易居文学 > 灵异小说 > 催妆 > 第341章
  萧枕立在府门口,目送皇帝玉辇走远,直到消失在视线内,他依旧一动未动。
  管家几乎喜极而泣,“二殿下,您守得云开见月明了啊。”
  萧枕扯了一下嘴角,容色在天色渐暗的光线下,伴着府门口的灯笼,半明半昧,声音听不出情绪,“是啊,二十年。”
  他用十年求生困苦,十年筹谋隐忍,守到了今日皇帝踏足二皇子府,守到了,他哪怕杀了东宫除了萧泽之外的所有护卫暗卫,父皇也只是让他闭门思过七天而已。
  他拂了拂衣袖,回身对走来的崔言书和琉璃说,“立即启程,去栖云山。”
  琉璃欢喜起来,“对,走,二殿下你明日就要上朝了,今日自然要去看小姐的。咱们去栖云山吃晚饭,喝酒庆祝一番。”
  崔言书没意见。
  于是,三人骑马,在皇帝离开后,立即出了二皇子府,出了京城,去了栖云山。
  皇帝今日之行,没有特意掩饰,所以,无论是去了东宫,去了栖云山,去了二皇子府,都不是秘密,该知道的朝臣们,都知道了。
  皇帝进东宫,待了一刻左右,皇帝去了栖云山,待了半个时辰,皇帝去了二皇子府,整整待了大半日,天擦黑,才回了皇宫。
  这是一个信号。
  随着皇帝回宫,二皇子的闭门思过免除了,这又是一个信号。
  而对比东宫,三千御林军并没有撤,太子殿下没有被皇上放出来的打算。显而易见,太子殿下的位置怕是真要岌岌可危了。
  尤其是,许子舟上奏请废太子,皇帝看了奏折,没将请废太子的折子砸到许子舟的脸上,而是带走了,这一日,朝臣们私下里,都揣测着后梁的朝局风向怕是要变一变了。
  有些早就被凌画收买暗中投靠了二皇子府的朝臣,一个个感叹,被凌画不管是威逼利诱,还是自己眼光好,总之是臣服了二皇子,如今眼看光明不远,心里都十分激动。
  有些没投靠的,心里惋惜又悔恨,又慌张,又担心,想着怕是以后的官职要不升反降了。
  有些投靠了东宫的,这些年没少帮着东宫打压对付凌画,甚至是在二殿下得陛下重用后,这几个月来,跟着东宫疯狂打压人的,都快疯了,又惊又惧,觉得怕是真要完了,得赶紧安排后事了。自己怕是逃不脱二殿下和凌画的清算了,但想法子让家人逃脱总是好的。
  所以,短短一日,真是各有打算,各有选择,几家欢喜几家愁。
  萧枕三人骑快马,很快就到了栖云山,进了山门后,一路熟门熟路地前往凌画的院子。
  凌画身受重伤,本就精力不济,今日皇帝找上门一番言谈,看着大逆不道,但其实句句都是她的斟酌算计,很是耗费心神,她闭上眼睛后,也足足睡了半日,刚醒不久。

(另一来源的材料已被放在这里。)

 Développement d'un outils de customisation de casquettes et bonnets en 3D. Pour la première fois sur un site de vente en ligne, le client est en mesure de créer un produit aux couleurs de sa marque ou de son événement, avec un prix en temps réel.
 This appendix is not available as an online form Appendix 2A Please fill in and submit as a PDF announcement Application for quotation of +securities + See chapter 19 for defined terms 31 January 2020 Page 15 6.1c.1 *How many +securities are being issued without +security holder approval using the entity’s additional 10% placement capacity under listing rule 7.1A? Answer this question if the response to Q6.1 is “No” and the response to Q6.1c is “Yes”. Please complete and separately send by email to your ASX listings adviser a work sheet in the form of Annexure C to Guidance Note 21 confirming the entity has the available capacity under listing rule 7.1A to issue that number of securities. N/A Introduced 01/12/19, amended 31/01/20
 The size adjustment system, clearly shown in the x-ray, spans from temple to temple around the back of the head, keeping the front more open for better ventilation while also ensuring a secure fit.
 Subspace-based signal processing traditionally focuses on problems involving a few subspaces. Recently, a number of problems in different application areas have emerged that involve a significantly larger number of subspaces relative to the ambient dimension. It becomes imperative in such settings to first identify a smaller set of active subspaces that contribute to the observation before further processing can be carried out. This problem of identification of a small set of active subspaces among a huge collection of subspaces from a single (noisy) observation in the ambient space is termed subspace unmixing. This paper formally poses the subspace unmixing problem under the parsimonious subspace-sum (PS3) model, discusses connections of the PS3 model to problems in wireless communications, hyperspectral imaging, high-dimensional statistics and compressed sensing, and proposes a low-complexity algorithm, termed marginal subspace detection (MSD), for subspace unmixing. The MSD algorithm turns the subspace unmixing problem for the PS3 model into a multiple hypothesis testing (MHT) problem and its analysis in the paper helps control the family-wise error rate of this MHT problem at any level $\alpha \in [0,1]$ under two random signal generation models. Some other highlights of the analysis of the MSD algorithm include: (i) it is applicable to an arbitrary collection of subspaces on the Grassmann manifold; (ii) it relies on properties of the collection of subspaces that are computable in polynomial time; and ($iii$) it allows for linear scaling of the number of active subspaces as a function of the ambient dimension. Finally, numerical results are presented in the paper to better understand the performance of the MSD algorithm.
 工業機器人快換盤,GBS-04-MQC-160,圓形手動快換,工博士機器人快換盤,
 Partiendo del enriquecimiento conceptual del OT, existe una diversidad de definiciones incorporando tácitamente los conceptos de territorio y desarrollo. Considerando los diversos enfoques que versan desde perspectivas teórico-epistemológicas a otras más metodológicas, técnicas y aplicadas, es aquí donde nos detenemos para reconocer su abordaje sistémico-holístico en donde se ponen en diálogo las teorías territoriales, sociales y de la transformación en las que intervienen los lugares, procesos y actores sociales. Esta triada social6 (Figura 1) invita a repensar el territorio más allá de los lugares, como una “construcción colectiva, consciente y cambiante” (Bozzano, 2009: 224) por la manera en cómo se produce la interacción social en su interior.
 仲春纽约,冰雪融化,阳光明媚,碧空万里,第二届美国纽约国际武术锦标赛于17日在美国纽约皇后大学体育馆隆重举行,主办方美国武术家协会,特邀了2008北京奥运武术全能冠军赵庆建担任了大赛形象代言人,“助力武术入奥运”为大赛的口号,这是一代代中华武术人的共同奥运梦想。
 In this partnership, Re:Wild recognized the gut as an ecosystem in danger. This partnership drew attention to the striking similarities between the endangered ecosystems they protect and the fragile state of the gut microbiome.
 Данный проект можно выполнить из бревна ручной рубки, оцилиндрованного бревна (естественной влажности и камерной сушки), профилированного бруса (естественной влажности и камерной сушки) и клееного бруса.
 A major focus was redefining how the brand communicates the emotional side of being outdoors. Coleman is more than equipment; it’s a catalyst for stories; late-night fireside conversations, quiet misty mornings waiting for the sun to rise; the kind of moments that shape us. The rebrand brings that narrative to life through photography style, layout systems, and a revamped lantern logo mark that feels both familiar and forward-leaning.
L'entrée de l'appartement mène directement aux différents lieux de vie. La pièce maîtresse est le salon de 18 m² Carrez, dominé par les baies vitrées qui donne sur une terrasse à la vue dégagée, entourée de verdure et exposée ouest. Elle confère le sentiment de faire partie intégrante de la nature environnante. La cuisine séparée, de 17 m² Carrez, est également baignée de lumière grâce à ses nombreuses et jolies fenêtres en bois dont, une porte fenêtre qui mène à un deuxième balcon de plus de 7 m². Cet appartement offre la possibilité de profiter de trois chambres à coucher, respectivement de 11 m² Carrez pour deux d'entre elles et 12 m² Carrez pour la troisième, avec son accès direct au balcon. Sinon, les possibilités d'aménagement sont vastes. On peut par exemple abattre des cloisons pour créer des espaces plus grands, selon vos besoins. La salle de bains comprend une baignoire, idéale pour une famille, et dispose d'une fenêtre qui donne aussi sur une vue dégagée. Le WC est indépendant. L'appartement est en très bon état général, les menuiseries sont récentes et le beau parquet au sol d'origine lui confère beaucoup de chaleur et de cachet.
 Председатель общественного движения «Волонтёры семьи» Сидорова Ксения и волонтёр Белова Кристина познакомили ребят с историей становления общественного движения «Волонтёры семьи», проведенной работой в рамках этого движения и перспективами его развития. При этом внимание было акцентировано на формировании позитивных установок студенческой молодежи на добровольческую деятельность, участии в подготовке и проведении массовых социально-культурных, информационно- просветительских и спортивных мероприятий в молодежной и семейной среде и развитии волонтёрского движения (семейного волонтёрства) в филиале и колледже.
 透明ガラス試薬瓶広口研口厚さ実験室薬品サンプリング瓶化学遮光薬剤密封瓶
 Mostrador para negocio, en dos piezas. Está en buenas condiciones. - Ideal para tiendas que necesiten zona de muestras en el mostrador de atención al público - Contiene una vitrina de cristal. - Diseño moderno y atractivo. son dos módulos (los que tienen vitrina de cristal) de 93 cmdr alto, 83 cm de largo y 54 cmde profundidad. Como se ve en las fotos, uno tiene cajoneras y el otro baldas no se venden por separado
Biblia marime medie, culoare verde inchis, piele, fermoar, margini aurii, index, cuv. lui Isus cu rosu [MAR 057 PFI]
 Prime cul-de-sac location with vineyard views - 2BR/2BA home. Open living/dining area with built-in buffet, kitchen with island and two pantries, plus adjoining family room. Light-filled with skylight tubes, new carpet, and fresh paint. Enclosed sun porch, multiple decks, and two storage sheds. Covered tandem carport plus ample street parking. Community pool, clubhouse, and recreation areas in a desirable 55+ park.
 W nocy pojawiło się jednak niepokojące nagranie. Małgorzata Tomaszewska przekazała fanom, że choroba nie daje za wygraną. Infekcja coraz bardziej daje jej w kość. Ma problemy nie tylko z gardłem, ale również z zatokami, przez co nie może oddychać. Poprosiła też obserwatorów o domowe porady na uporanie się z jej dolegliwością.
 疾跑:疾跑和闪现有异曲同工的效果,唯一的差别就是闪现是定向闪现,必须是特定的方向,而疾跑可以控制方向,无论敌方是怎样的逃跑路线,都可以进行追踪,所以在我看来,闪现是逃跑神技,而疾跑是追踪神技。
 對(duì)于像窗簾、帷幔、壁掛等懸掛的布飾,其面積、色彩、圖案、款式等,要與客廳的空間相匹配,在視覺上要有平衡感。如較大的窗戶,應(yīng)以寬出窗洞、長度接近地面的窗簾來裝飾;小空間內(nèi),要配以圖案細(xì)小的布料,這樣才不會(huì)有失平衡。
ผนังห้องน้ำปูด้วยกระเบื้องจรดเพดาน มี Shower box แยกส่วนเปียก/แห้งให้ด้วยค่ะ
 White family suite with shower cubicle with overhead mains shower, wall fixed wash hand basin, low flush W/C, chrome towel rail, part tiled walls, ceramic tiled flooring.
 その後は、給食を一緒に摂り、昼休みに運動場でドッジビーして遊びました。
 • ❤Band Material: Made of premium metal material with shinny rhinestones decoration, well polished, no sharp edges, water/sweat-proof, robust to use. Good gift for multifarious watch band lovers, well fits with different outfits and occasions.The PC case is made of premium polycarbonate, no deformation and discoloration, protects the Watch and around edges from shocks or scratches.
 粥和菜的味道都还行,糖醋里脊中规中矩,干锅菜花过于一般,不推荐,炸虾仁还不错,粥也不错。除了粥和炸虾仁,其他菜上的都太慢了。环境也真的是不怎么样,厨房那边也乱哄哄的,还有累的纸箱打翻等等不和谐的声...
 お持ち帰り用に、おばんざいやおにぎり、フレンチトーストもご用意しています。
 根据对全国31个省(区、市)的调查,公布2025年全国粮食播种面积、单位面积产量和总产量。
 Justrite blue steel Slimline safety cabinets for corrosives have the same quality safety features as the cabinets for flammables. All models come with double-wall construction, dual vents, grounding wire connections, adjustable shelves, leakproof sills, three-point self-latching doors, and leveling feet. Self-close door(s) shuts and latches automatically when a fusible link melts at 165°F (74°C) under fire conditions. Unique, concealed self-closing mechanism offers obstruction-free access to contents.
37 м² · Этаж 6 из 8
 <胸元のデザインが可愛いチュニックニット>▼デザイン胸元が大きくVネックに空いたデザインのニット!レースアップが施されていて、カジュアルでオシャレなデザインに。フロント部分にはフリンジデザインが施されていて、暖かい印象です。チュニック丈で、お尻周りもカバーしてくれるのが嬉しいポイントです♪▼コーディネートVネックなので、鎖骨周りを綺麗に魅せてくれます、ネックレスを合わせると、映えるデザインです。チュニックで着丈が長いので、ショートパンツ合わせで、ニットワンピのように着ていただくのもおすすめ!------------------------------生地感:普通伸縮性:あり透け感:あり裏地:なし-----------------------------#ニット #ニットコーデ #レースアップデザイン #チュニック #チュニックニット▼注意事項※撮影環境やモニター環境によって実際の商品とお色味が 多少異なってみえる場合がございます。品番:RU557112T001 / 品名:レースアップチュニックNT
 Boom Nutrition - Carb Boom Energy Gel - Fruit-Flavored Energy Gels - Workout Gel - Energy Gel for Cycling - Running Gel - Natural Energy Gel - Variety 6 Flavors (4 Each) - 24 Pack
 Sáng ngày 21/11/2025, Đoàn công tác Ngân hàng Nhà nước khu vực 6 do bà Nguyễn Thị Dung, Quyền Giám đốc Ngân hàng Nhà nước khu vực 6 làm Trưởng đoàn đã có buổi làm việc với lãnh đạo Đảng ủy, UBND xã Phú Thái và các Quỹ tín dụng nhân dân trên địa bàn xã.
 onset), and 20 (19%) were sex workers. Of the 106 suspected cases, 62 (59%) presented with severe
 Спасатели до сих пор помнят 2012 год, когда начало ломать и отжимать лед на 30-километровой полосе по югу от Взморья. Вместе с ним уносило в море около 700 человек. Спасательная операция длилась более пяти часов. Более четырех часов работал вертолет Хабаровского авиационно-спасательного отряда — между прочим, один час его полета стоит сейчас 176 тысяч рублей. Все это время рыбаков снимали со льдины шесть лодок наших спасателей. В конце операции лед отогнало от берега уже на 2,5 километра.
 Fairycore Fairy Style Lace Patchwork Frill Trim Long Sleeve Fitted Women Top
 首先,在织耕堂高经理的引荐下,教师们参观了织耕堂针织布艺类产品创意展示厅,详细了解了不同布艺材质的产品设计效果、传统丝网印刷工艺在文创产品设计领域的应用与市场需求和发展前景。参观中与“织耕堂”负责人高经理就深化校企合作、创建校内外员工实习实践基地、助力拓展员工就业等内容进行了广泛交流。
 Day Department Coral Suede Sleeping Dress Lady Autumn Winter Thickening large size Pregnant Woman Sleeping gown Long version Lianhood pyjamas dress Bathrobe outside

  宴轻最初照顾凌画时,不敢轻易碰她,如今她养了几日伤,能坐起来后,他不止白天陪着她歪在床上给她读书端茶倒水,喂饭喝药,晚上为了凌云扬不赶他,也留在了凌画的床上,躺在外侧,陪着她一起睡。
  这样一来,可真是时时刻刻不离人了。
  就连凌云扬都无语地说宴轻黏人,以前怎么没发现他一旦开窍了,还有这么个隐藏的属性。
  宴轻才不管他说什么,爱说说,反正他就是不走了,整日里陪着,一点儿也不觉得伺候人无聊。
  云落听了凌云扬不满的嘀咕后,小声跟他交头接耳,“小侯爷早就喜欢上主子了,就是一直咬牙忍着怕主子轻易得到他不珍惜,如今被主子吓了个够呛,自然不忍了,这不是后知后觉才开窍,这是忍久了,有点儿收不住了。”
  凌云扬:“……”
  原来如此,宴轻这么会玩的吗?
  明日才上朝去丁卯,凌云扬自然不会今日走,于是,在萧枕、崔言书、琉璃三人一起上栖云山后,听说陛下去了二皇子府,解了萧枕的禁,他也跟着高兴,大手一挥,让厨房备席面,今儿晚上,一定要好好庆祝一番。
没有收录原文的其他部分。